While the thought of 1-2 punch of Paul Pierce and a healthy Vince Carter sounds great, there are too many things that would keep me from being in favor of this deal. Nothing against VC, but what does he bring to the team that we don't already have? Ricky and Jiri have just started to scratch the surface of what they can do for this team, and I think that Tony Allen will be pressing them for playing time this year too. I haven't seen Delonte West enough to know what he is capable of, but I wouldn't be surprised if he doesn't get some spot minutes at the 2 this year. We are loaded at the 2/3 position and while I think that at least one of our existing wing players will be traded, I don't think swapping any of them for another wing player is a good move. 

I don't know how the salaries work out, but the only way I see Toronto trading Carter to the C's would be for either Pierce or for a multiple player deal involving Ricky Davis. I'm not the biggest Paul Pierce fan in the world, but there's no way I'd trade him straight up for Carter. They are similar in talent, but you'll get much more out of Pierce because of the injury factor with Carter.

As for a multiple player deal involving Davis for Carter, Toronto would have to take on one or more of our cap killing contracts (Raef?) before I would go for this one, and I don't think they are that desperate to get rid of Carter. I'm still not ready to give up completely on Raef, and I may be crazy but I think Davis is a great fit for this team so I'd pass on this one too. Besides, I think the only way Toronto would do this is if we throw in one of our young players (Jiri, Marcus, or Kendrick) and take back some of their garbage players. Thanks anyway!


----------



## aquaitious (Jun 11, 2002)

We are talking about Vince Carter here, not Vin Baker. The Raptors don't need to take on any of our huge contracts, they may as well ask one of the other 28 teams for cheaper, younger, and more productive players.

If there's a chance to land VC without giving up our youngsters and Pierce, every Celtic fan should do it in a second.


----------



## banner17 (Jun 28, 2003)

If the Raptors would accept Raef and Ricky, I'd do it in a heartbeat.
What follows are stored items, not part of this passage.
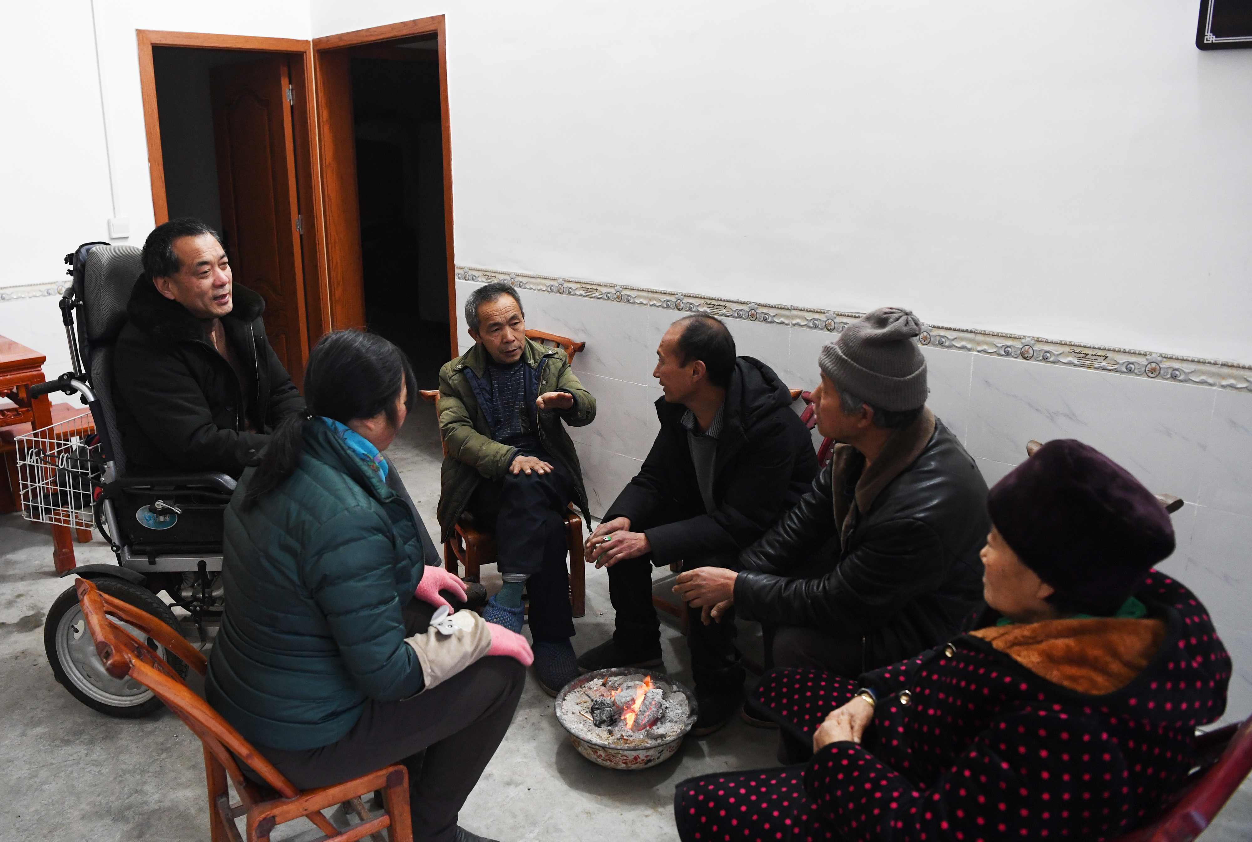 1月6日,毛相林(左三)和下庄村村民交流。新华社记者王全超 摄
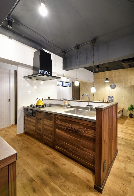 レンジフードから伸びる現しのダクトもカッコイイ。
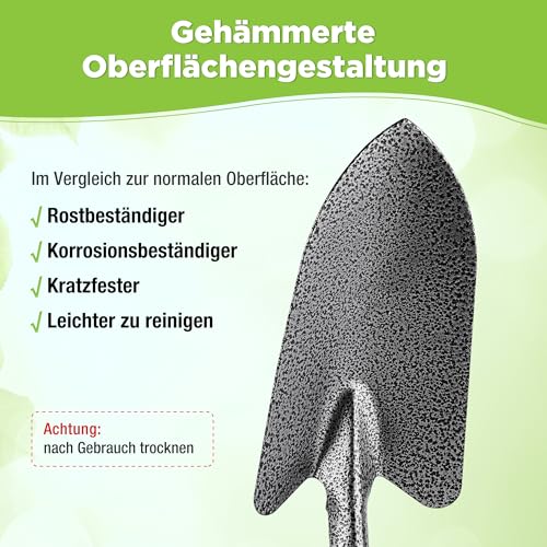 [Gehämmerte Oberflächenbehandlung] Die Werkzeuge verfügen über eine spezielle Hammerschlag-Oberflächenbehandlung. Diese Behandlung erhöht die Kratzfestigkeit und erleichtert die Reinigung der Gartengeräte. Hinweis: Nach Gebrauch sollten die Werkzeuge trocken aufbewahrt werden, um ihre Lebensdauer zu verlängern
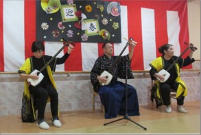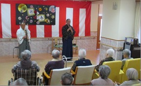 ボランティアの「桜毘会」様をお招きし、尺八と三味線の演奏、歌と太鼓に合わせた踊りを披露してくださいました!
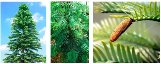 - Setoguvhi, H.; Osawa, T.A.; Pintaud, J.; Jaffré, T.; Veillon, J.-M. Phylogenetic relationships within Araucariaceae based on RBCL gene sequences. Am. J. Bot. 1998, 85, 1507–1516. [Google Scholar] [CrossRef]

Vince is only 27 - who knows if he'll continue to have injury problems. He did play in 73 games last year averaging 38 minutes per game. Raef is equally as great of an injury liability as Carter if not more so and I certainly view the production one gets from Vince and his max contract as a much better value than what we get for what we're paying Raef.

Think about it - having two men on the floor that legitemately command a double team at all times opens up a lot of open looks for others. Also, having two stars on the same team would greatly improve our chances of attracting quality players for the MLE, which currently is a contract that no one is particularly interested in with the Celtics.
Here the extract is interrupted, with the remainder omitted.